Below are some records. Write out exactly their lines from the one with "Выложите его на" through the one with "2017-04-25 16:17:00Развитието на", and leave the pictures behind.

Listed records:
══════════

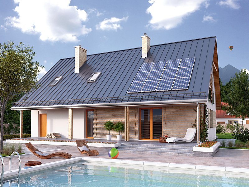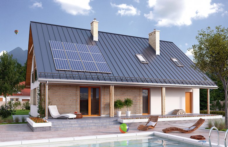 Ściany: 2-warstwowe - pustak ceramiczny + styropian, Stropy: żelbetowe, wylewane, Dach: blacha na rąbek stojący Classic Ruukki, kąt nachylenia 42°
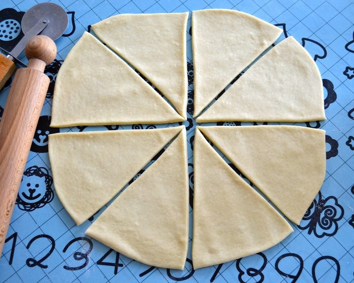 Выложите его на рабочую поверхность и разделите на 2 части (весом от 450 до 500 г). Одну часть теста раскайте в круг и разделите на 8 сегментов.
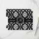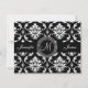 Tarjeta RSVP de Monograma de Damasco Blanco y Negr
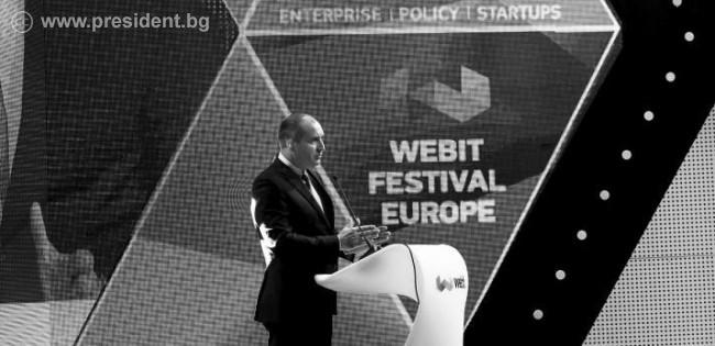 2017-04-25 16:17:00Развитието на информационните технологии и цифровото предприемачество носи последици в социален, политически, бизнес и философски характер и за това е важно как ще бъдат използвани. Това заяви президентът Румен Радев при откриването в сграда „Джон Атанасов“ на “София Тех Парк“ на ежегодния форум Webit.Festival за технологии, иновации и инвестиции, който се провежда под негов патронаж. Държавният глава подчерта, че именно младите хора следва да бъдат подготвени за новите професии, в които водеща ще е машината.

══════════

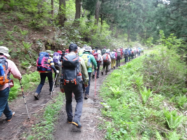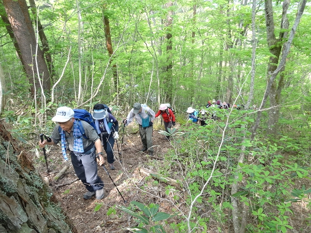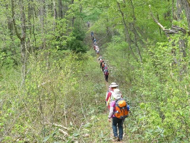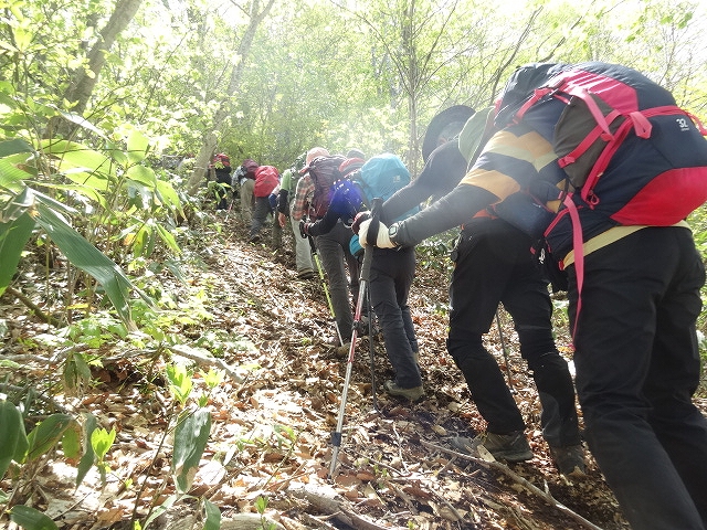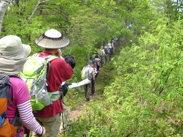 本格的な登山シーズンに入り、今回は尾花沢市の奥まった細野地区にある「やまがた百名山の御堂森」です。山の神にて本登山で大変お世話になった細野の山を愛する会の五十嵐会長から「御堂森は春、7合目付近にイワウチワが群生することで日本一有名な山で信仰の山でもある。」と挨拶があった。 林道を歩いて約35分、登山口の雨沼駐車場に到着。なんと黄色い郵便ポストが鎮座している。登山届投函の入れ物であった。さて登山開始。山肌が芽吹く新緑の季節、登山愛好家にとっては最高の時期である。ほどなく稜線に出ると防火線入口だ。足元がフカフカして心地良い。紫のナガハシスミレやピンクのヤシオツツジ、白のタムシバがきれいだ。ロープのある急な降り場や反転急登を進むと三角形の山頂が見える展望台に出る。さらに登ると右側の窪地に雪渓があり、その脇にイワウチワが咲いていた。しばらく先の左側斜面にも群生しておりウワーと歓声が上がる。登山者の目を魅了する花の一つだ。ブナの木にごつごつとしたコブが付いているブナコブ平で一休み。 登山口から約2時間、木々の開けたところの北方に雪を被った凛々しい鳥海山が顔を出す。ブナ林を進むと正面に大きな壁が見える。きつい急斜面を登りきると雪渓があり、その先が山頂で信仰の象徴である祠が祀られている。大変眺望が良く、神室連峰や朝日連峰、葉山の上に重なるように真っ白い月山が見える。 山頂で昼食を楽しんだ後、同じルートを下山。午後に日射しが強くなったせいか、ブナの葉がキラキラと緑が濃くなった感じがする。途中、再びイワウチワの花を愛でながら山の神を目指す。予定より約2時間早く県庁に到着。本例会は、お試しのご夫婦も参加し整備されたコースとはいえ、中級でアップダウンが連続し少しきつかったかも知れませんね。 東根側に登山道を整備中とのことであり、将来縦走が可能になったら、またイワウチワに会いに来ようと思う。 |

══════════

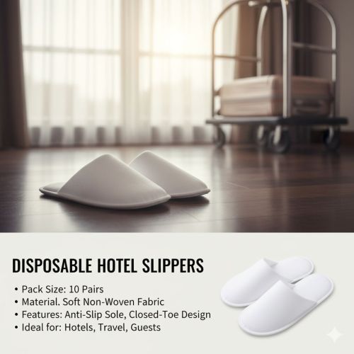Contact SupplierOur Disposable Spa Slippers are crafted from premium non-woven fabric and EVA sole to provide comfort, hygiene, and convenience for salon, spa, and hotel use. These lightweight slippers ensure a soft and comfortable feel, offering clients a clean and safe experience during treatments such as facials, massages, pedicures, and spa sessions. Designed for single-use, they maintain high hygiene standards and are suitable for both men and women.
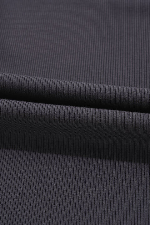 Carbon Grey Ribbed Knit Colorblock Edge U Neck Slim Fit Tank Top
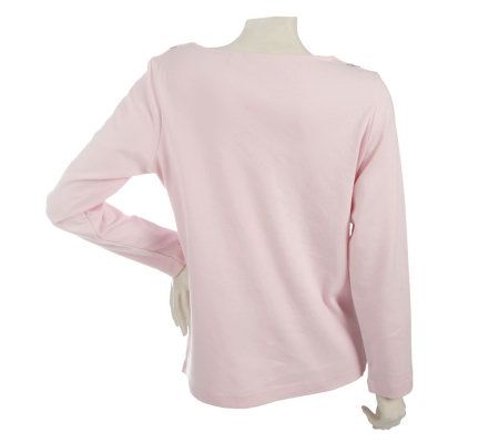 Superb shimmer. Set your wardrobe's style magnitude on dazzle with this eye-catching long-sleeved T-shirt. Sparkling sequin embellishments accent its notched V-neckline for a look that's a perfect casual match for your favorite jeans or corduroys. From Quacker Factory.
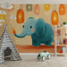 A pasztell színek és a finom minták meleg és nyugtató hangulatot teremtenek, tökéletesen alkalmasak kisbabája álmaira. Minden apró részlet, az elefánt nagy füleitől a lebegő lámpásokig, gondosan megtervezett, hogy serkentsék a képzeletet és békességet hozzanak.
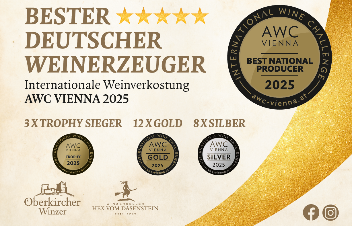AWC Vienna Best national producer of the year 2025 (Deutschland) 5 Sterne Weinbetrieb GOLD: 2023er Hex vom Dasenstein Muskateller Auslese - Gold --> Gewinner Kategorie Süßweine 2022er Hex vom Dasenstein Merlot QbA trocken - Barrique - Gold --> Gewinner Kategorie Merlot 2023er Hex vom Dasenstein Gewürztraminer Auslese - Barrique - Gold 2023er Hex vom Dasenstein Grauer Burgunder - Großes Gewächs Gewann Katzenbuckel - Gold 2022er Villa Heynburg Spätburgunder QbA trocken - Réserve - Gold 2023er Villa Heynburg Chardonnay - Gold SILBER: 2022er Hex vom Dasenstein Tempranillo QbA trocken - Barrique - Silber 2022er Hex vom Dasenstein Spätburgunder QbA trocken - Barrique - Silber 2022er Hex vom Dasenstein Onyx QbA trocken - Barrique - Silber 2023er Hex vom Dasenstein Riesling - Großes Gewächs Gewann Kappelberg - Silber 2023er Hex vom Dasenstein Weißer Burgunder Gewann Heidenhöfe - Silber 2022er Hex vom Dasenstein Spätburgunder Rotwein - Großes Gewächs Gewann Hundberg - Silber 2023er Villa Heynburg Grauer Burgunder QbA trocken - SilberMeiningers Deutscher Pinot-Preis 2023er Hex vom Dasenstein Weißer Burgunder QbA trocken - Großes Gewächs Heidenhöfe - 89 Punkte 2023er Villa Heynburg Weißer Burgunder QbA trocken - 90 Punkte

══════════

Response for this exercise:
 Выложите его на рабочую поверхность и разделите на 2 части (весом от 450 до 500 г). Одну часть теста раскайте в круг и разделите на 8 сегментов.
 Tarjeta RSVP de Monograma de Damasco Blanco y Negr
 2017-04-25 16:17:00Развитието на информационните технологии и цифровото предприемачество носи последици в социален, политически, бизнес и философски характер и за това е важно как ще бъдат използвани. Това заяви президентът Румен Радев при откриването в сграда „Джон Атанасов“ на “София Тех Парк“ на ежегодния форум Webit.Festival за технологии, иновации и инвестиции, който се провежда под негов патронаж. Държавният глава подчерта, че именно младите хора следва да бъдат подготвени за новите професии, в които водеща ще е машината.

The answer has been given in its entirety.